The Schweizer S300 series (formerly the Hughes 300, Schweizer 300, and Sikorsky S-300 series) is a family of light utility helicopters originally produced by Hughes Helicopters, as a development of the Hughes 269. Later manufactured by Schweizer Aircraft, and currently produced by Schweizer RSG, the basic design has been in production for over 60 years.

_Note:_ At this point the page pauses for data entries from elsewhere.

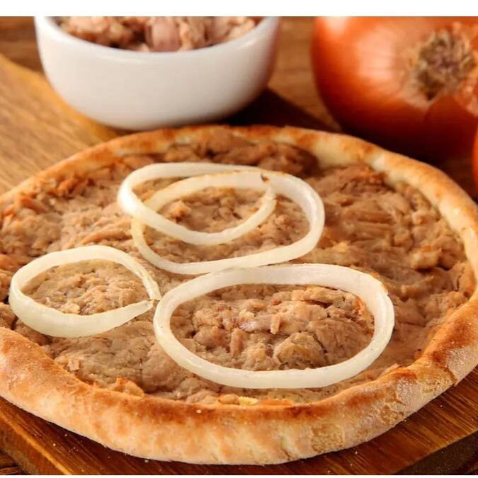 Pizza de 8 pedaços, com base de molho de tomate caseiro, atum desfiado coberto com requeijão cremoso, cebolas e azeitonas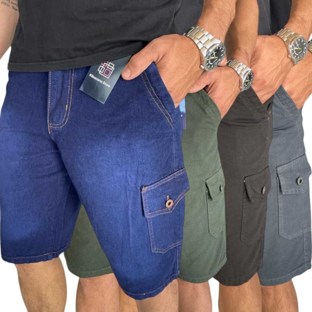 kit 3 Bermuda Masculina Cargo Adulto Jeans E Brim 6 Bolsos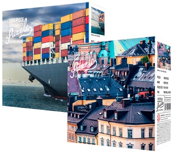 På pusselaskarna finns också en touch av humor - för hur lång tid tar det egentligen att lägga ett pussel från Kylskåpspoesi?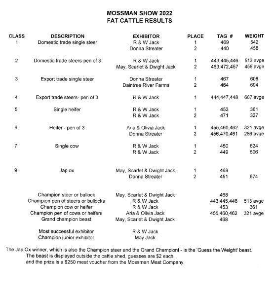 EXHIBITORS RESULTS Posted bymossmanshowJuly 19, 2022July 10, 2023Posted inUncategorized Victor Crees Pavilion as well as Poultry, Equestrian, Fat Cattle and Guinea Pigs… Share this: Click to share on X (Opens in new window) X Click to share on Facebook (Opens in new window) Facebook Like Loading... Related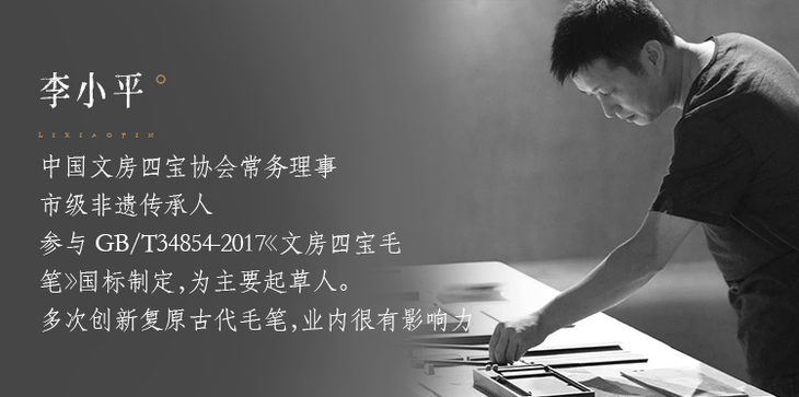 李小平老师任中国文房四宝协会常务理事,更是参与GB/T34854-2017《文房四宝毛笔》国标制定,为主要起草人!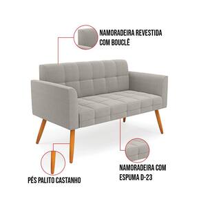 O Sofá Namoradeira 2 Lugares Elisa é uma mobília que combina elegância, conforto e durabilidade. Ele tem um design retrô e sofisticado, com Pés Palito Castanho e revestimento em tecido Bouclê Cinza, que harmonizam com qualquer ambiente. Ele é ideal para sala de estar, recepções, escritórios, cozinhas ou qualquer outro espaço que você queira decorar com estilo e bom gosto. Ele tem uma estrutura em madeira de reflorestamento eucalipto, que garante a resistência e a sustentabilidade do produto. Ele suporta até 180 kg de peso, podendo ser utilizada por pessoas de diferentes biotipos. Ele tem um acabamento reforçado e espuma de qualidade D23, que oferece maciez e aconchego. Ele contém detalhes de costura no encosto e assento, resultando em um acabamento impecável, conferindo muito mais valor e elegância ao produto. O Sofá Namoradeira Elisa é um móvel de alta qualidade, beleza e funcionalidade. Ele é fácil de transportar, pois tem um peso leve e um tamanho compacto. O Sofá Namoradeira Elisa é um produto que vai fazer a diferença na sua decoração e no seu bem-estar. Ele vai trazer charme, conforto e durabilidade para o seu ambiente. Aproveite essa oferta e leve para casa um Sofá Namoradeira de qualidade por um preço incrível. Essa é a sua chance de ter um Sofá Namoradeira maravilhoso por um preço imperdível. Corra e garanta o seu antes que acabe o estoque!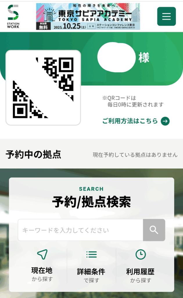 ①マイページの予約/拠点検索から利用したい拠点にSTATION WORKなどが存在するかを確認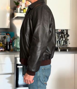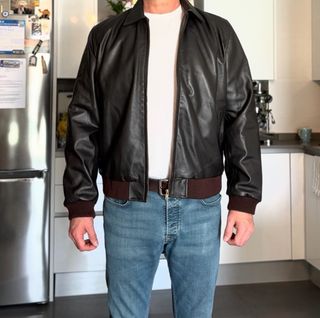 Chaqueta vintage bomber de piel, en buen estado aunque tiene un corte en un brazo, talla 54 - Diseño clásico.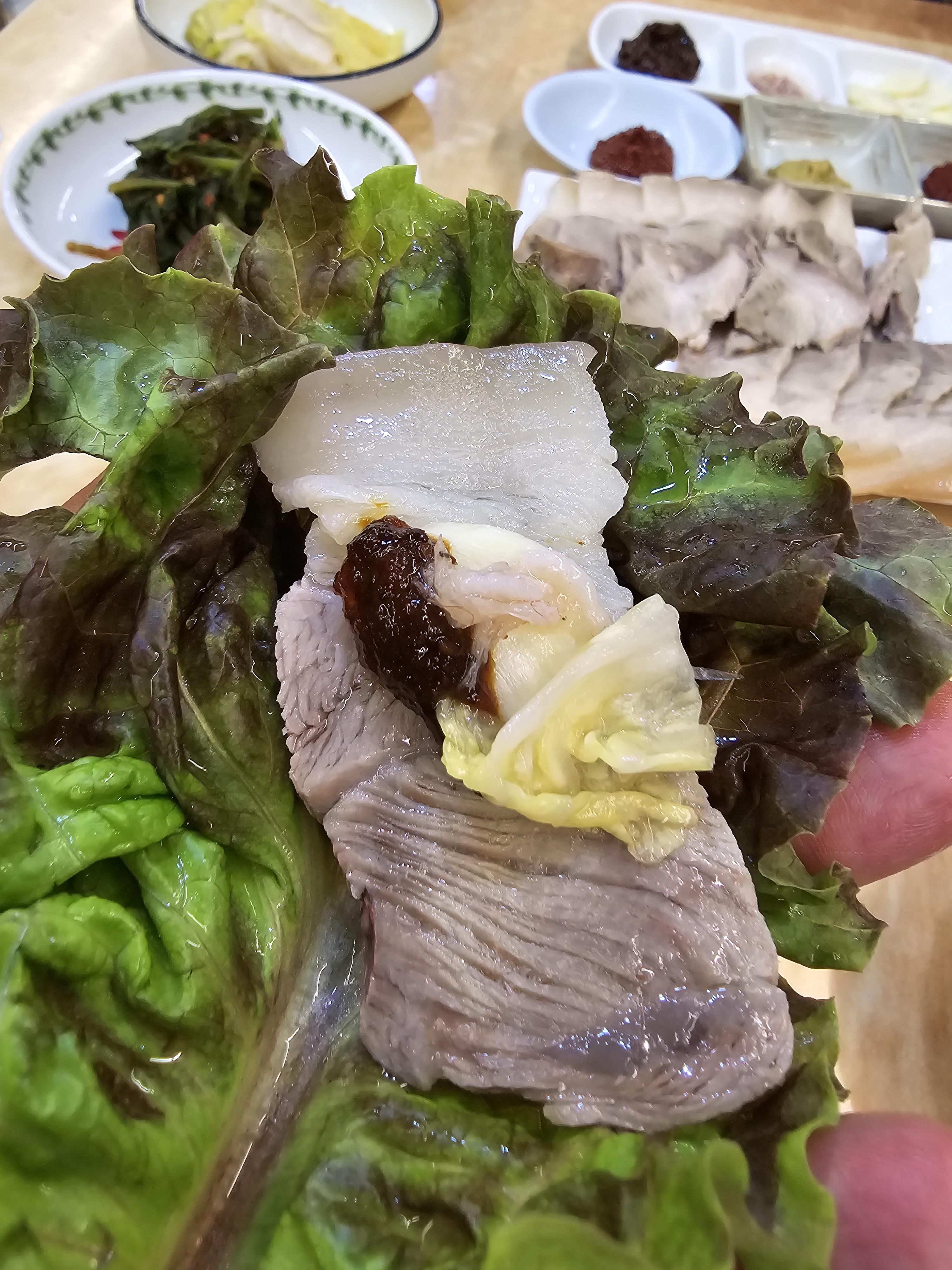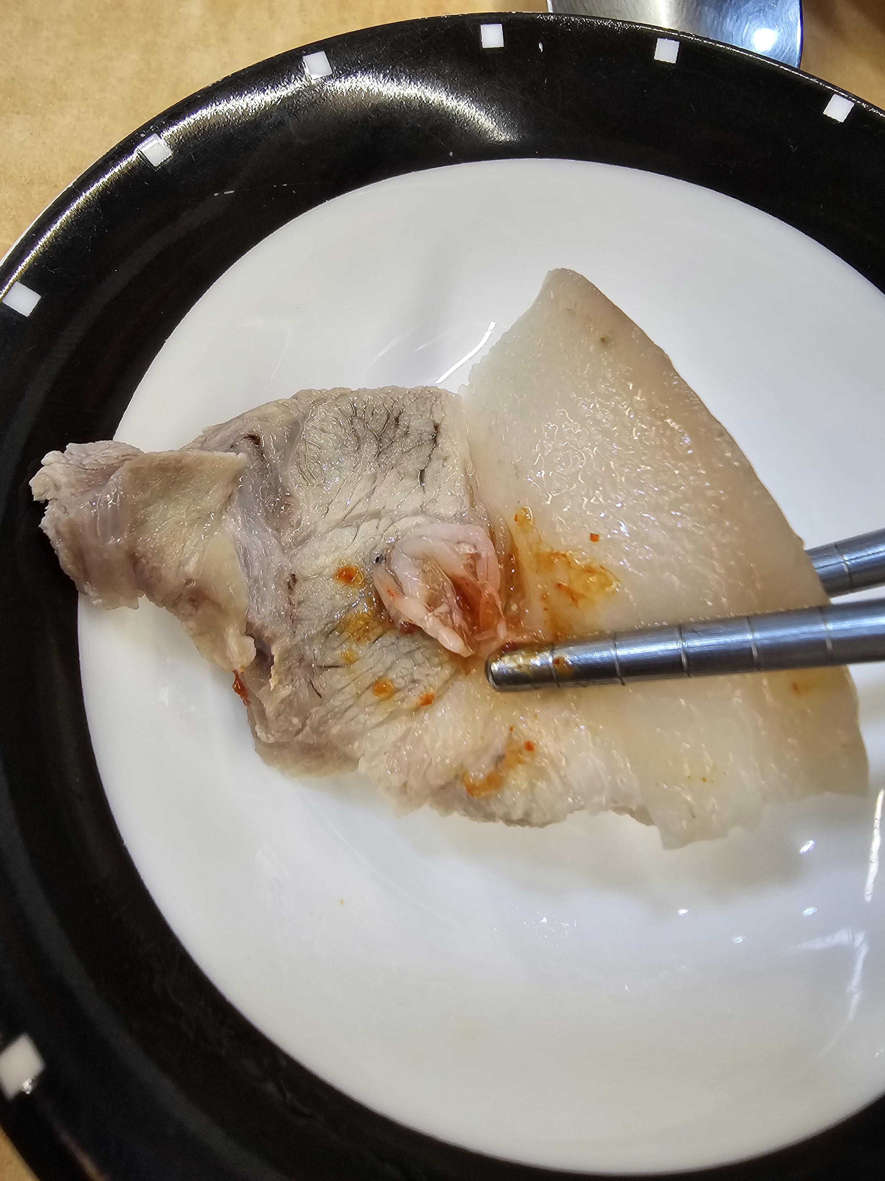 회전율이 빠른 식당답게 편육이 금방 나왔어요 편육은 다른곳과 조금 다른 비주얼이예요 집에서 삶은 듯한 고기인데 잡내도 전혀 나지않고 부드럽고 맛있어요

The piston-powered S300 series features single three-bladed rotors; these helicopters tend to be used as a cost-effective platform for training and agriculture.

==Development==

===Background===
In 1955, Hughes Tool Company's Aircraft Division (later Hughes Helicopters) carried out a market survey showing that there was a demand for a low-cost, lightweight, two-seat helicopter. The division began building the Model 269 in September 1955. The prototype flew on 2 October 1956, but it was not until 1960 that the decision was made to develop the helicopter for production.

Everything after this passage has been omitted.